Architects, urbanists and landscape architects learn the profession at the Amsterdam Academy of Architecture through an intensive combination of work and study. They work in small, partly interdisciplinary groups and are supervised by a select group of practising fellow professionals. There is a wide range of options within the programme so that students can put together their own trajectory and specialisation.With the inclusion of the course in Urbanism in 1957 and Landscape Architecture in 1972, the Academy is the only architecture school in the Netherlands to bring together the three spatial design disciplines under one roof. Some 350 guest tutors are involved in teaching every year. Each of them is a practising designer or a specific expert in his or her particular subject. The three heads of department also have design practices of their own in addition to their work for the Academy. This structure yields an enormous dynamism and energy and ensures that the courses remain closely linked to the current state of the discipline. The courses consist of projects, exercises and lectures. First-year and second-year students also engage in morphological studies. Students work on their own or in small groups. The design

projects form the backbone of the syllabus. On the basis of a specific design assignment, students develop knowledge, insight and skills. The exercises are focused on training in those skills that are essential for recognising and solving design problems, such as analytical techniques, knowledge of the repertoire, the use of materials, text analysis, and writing. Many of the exercises are linked to the design projects. The morphological studies concentrate on the making of spatial objects, with the emphasis on creative process and implementation.
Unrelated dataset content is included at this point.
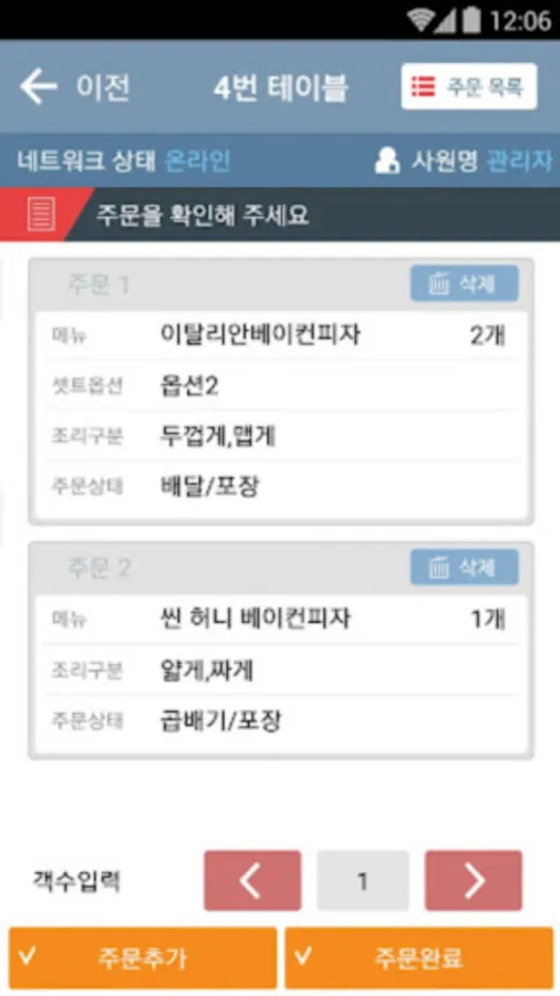 When the customer's order is received, the order is delivered to the main force and printed out to the kitchen printer.

Students experiment with materials and media forms and gain experience in converting an idea into a creation. During the periods between the terms there are workshops, study trips in the Netherlands and abroad, and other activities. This is also the preferred moment for international exchange projects. The Academy regularly invites foreign students for the workshops and recruits wellknown designers from the Netherlands and further afield as tutors. Graduates from the Academy of Architecture are entitled to the following titles: Architect, Master of Science; Urbanist, Master of Science and Landscape Architect, Master of Science.